Speaking of how you would have written the paper, it's a good idea to evaluate the paper from the perspective of what you would have done if you wrote the paper. Say for example that the authors present an algorithm and are mostly interested in the algorithm's correctness, whereas you would personally be more interested in its runtime. Then it's perfectly fine to reject the paper because they studied the correctness and not the runtime of the algorithm, and they clearly should have studied the runtime instead. After all, you are the one reviewing the paper, so you should decide what it should be about.

In the same vein, don't just accept any definitions of terms or scoping of the investigation that the paper might contain. Read the paper using whatever meaning of the words in it that you find convenient. And if the authors state that they are not concerned with topic X, that is no reason for you to not go on at length about how important topic X is and why they should have included it.  It's your freedom to read the paper any way you want and assign any kind of meaning to it you like.
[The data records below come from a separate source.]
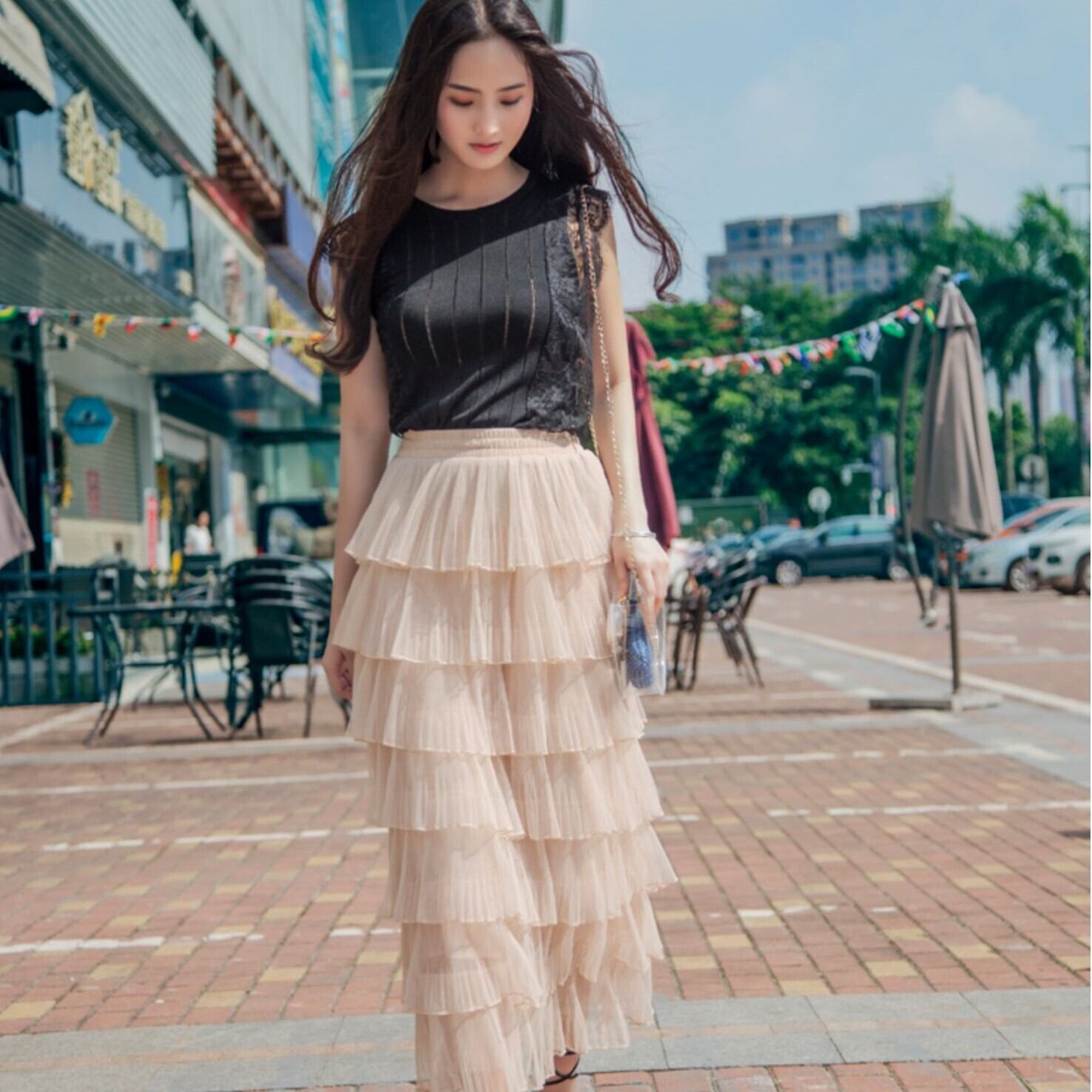 レディース スカート ケーキスカート ミモレ スリム 細身 ストレート シフォン ハイウエスト ウエストゴム かわいい 大人可愛い きれいめ シンプル カジュアル 上品 おしゃれ レトロ ガーリー エレガント ラブリー キュート クラシカル 無地 春 秋 通勤 学生 学校 通学 デート お出かけ パーティー イベント 女子会 韓国 普段使い 着回し モテ トレンド 流行 インスタ映え フリーサイズ ホワイト ブラック グレー アプリコット
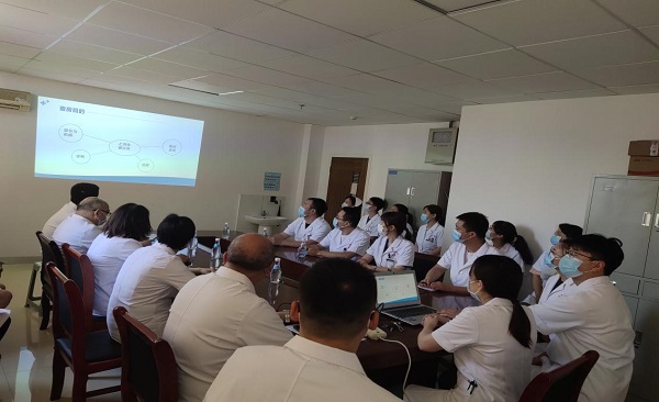 教學(xué)查房是臨床實踐教學(xué)的重要環(huán)節(jié),是培養(yǎng)醫(yī)師臨床基本技能和臨床思維能力的有效途徑;是臨床教學(xué)質(zhì)量和醫(yī)療業(yè)務(wù)能力水平的體現(xiàn);也是臨床教學(xué)工作的重要內(nèi)容之一。為促進(jìn)臨床教學(xué)工作持續(xù)有效的發(fā)展,規(guī)范教學(xué)查房流程,提高臨床教學(xué)查房質(zhì)量,2022年6月29日在消化內(nèi)科二病區(qū)進(jìn)行內(nèi)科病院教學(xué)查房觀摩活動;此次活動由內(nèi)科綜合辦組織,張維副院長、內(nèi)系各科室主任、消化內(nèi)科二病區(qū)全體醫(yī)生、規(guī)培生及護(hù)士長和責(zé)任護(hù)士共計20余人參加本次教學(xué)查房。
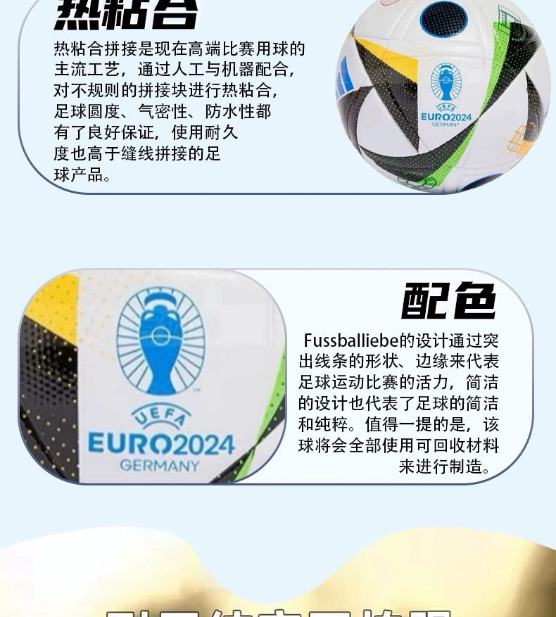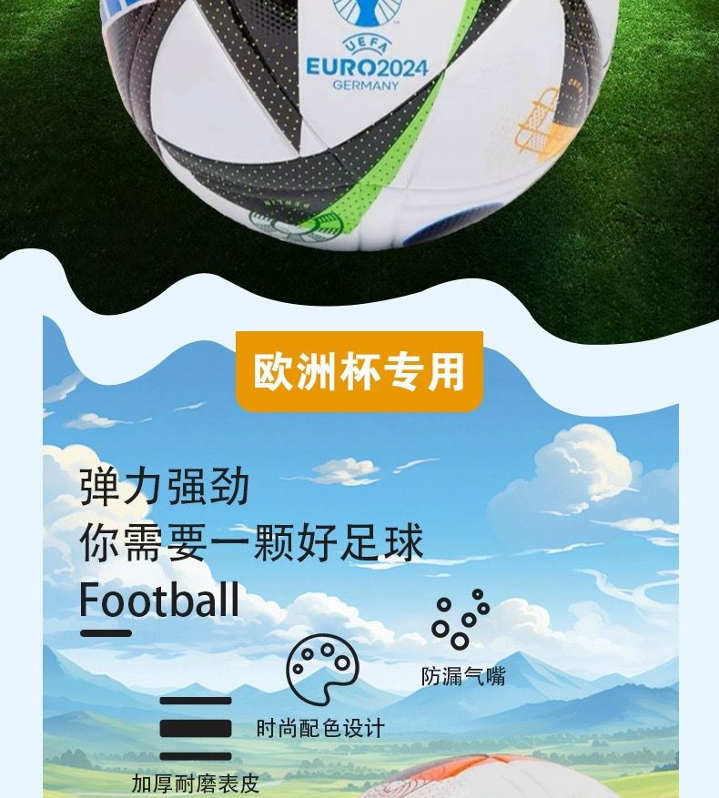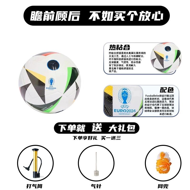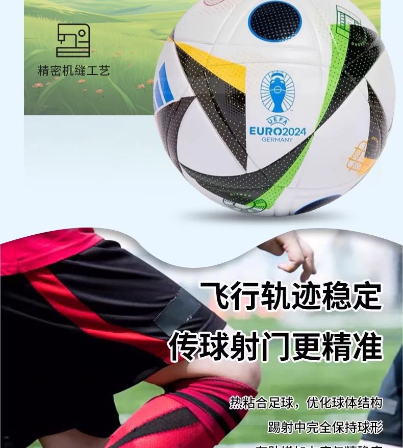 2024官方欧洲杯专用足球5号热贴合无缝PU青少年专业训练用球比赛

This brings to our final and perhaps most important piece of advice. It's likely that there is some part of the paper you don't understand, because like everybody else you are occasionally frequently out of your depth and these authors write like morons anyway. If this happens - don't admit it! Don't lose face by explaining that you don't understand the paper! Your reputation as an anonymous reviewer is at stake. Instead, simply pick at random some interpretation of the part of the paper you don't understand, preferably some interpretation that makes very little sense. Then write your review as if that interpretation was true. Hilarity ensues, at least on your side.

If you heed all this advice, you will surely be able to produce the kind of reviews that one frequently receives after submitting to some famous conferences and well-respected journals.